January 21st, 2010 by admin | Comments Off | Filed in health insurance, insurance facts, life insurance

Horror stories abound about life insurance medical exams. Smokers, you may have heard, never pass, and you don’t have to just be within normal weight ranges, but actually skinny or you get disqualified. We won’t even discuss the rumors about what happens if you took an antihistamine the day before you provided your blood or urine sample. With all these myths about what can cause you to be labeled “uninsurable” it’s no wonder people who are generally healthy are paying higher no-exam life insurance rates just to avoid being told “no.”

The reality is that if you’re reasonably healthy you have nothing to worry about when it comes to these exams. They’re fairly routine, and don’t take that long.
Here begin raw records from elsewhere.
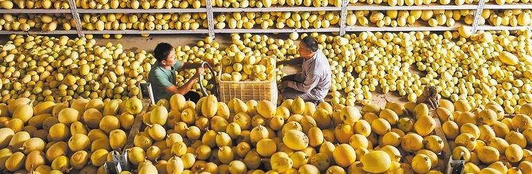 ▼6月25日,河南省正阳县汝南埠镇岗头村,村民在晾储丰收的金丝搅瓜。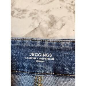 Chico's Women's Blue Destructed Pull-On Ankle Jeggings Jeans Medium Wash Size 10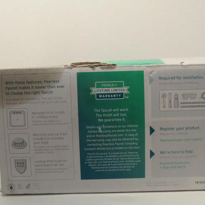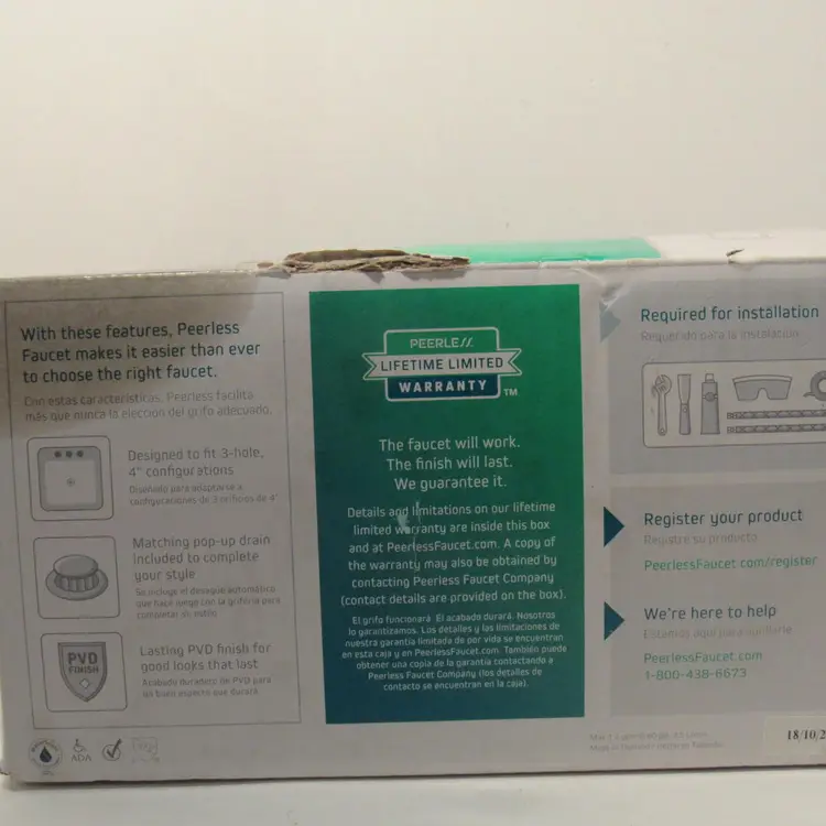 *New -Open Box - Items are Factory Sealed *Original Box is included. Consists of faucet, item parts, and Instructions. Areas of the box is stained.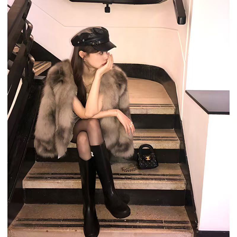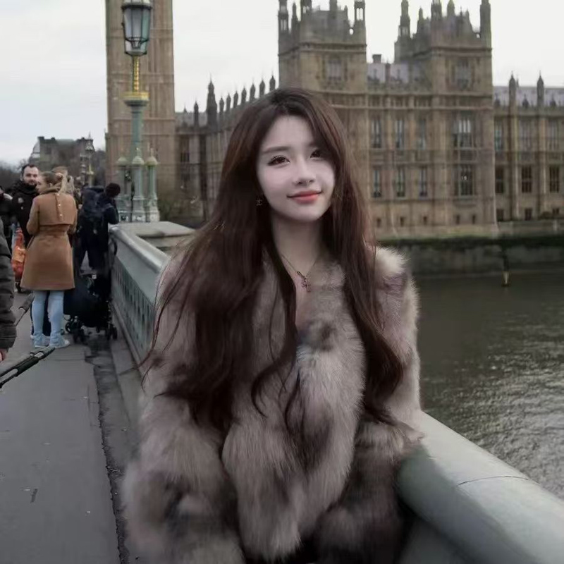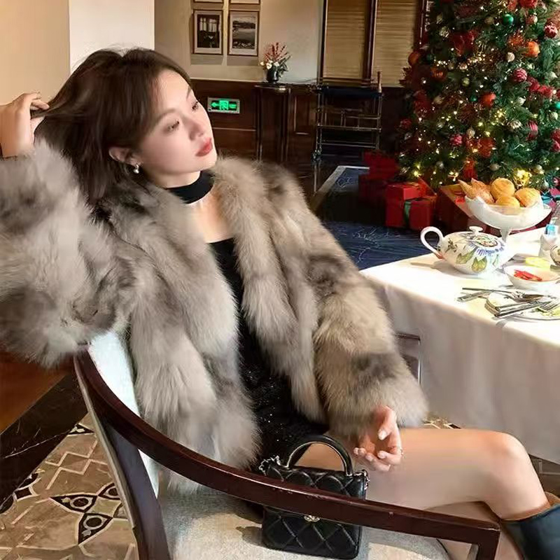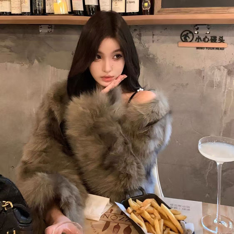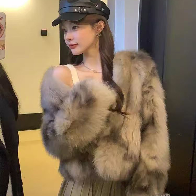 YF6127-图片色名媛气质仿狐狸皮草斑点设计宽松大码长袖开衫毛毛上衣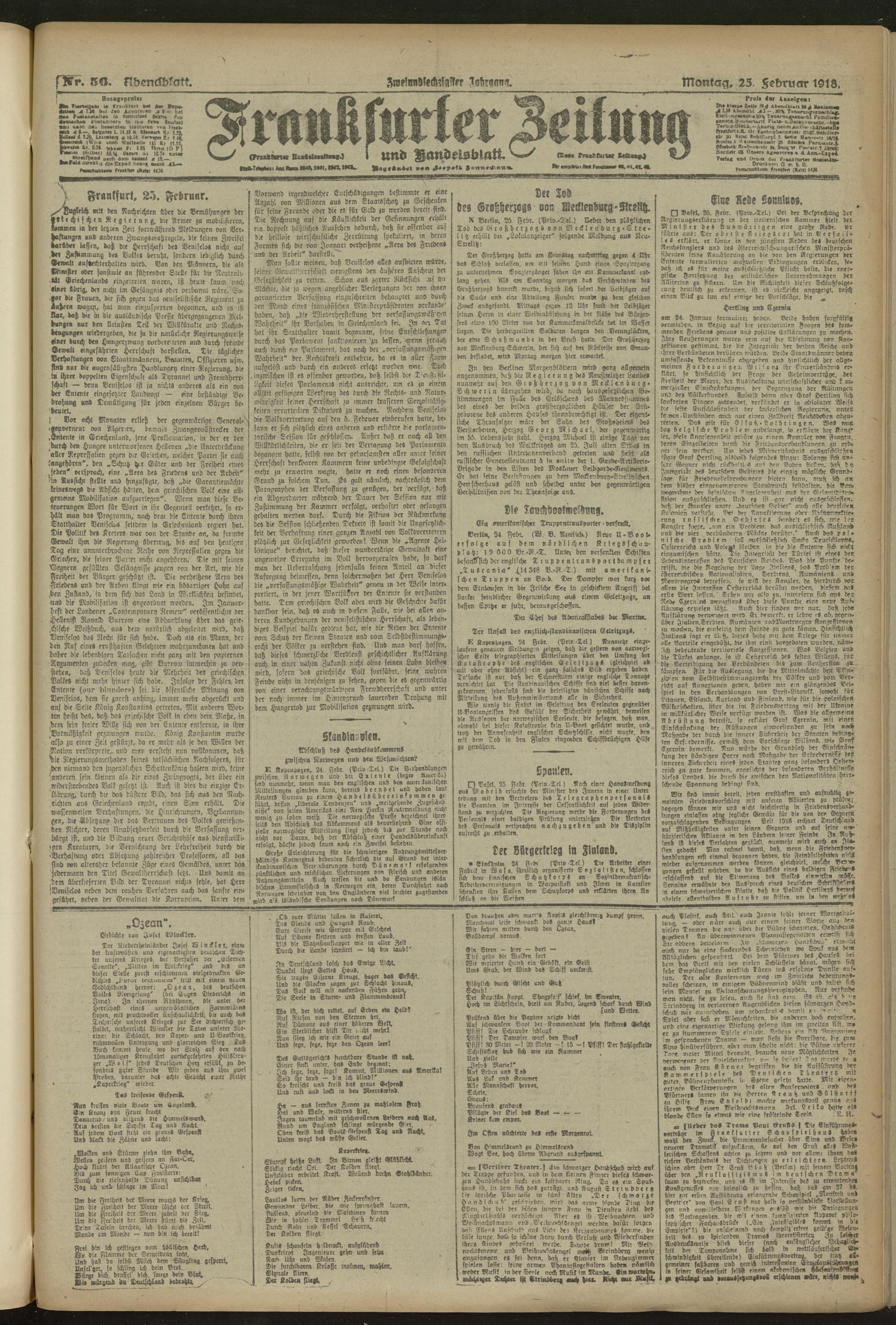 25.02.1918 = Nr. 56. Abendblatt

Typically, they’ll include blood and urine samples, a blood pressure check, height and weight measurements, and a medical questionnaire. While people who are overweight, smoke, or are in poor health will generally end up being classified as “high risk” and paying higher premiums, most people have little to worry about.

Still, it pays to be prepared, so while you can’t exactly cram for a medical exam, there are a few things you can do to present yourself in the best possible light.

  1. Fast for at least eight hours before the exam for more accurate blood test results. The easiest way to do this is to schedule your appointment first thing in the morning, and skip breakfast.
  2. If you have to eat before your exam, keep it light: nothing heavy, and no caffeine.
  3. Avoid salt for 3-4 days before the exam; doing so might improve your blood pressure.
  4. Avoid alcohol for at least 24 hours before the exam, for the same reason.
  5. If you smoke, don’t puff anything for at least 30 minutes before your exam, since smoking constricts artery walls. Abstain longer, if you can.
  6. If you have an acute, temporary illness, like the flu or strep throat, reschedule your exam, as either the illness, or the drugs you take to treat it may affect the results of blood and urine tests.
  7. If you’re female, and have your period, be sure to inform the examiner (generally a nurse) as this will affect your urine test.

Remember that an insurance medical exam is never a substitue for an actual wellness exam, nor is it a measure of your total health, just a snapshot of your condition at a specific moment in time. Either way, there’s nothing to fear in such an exam.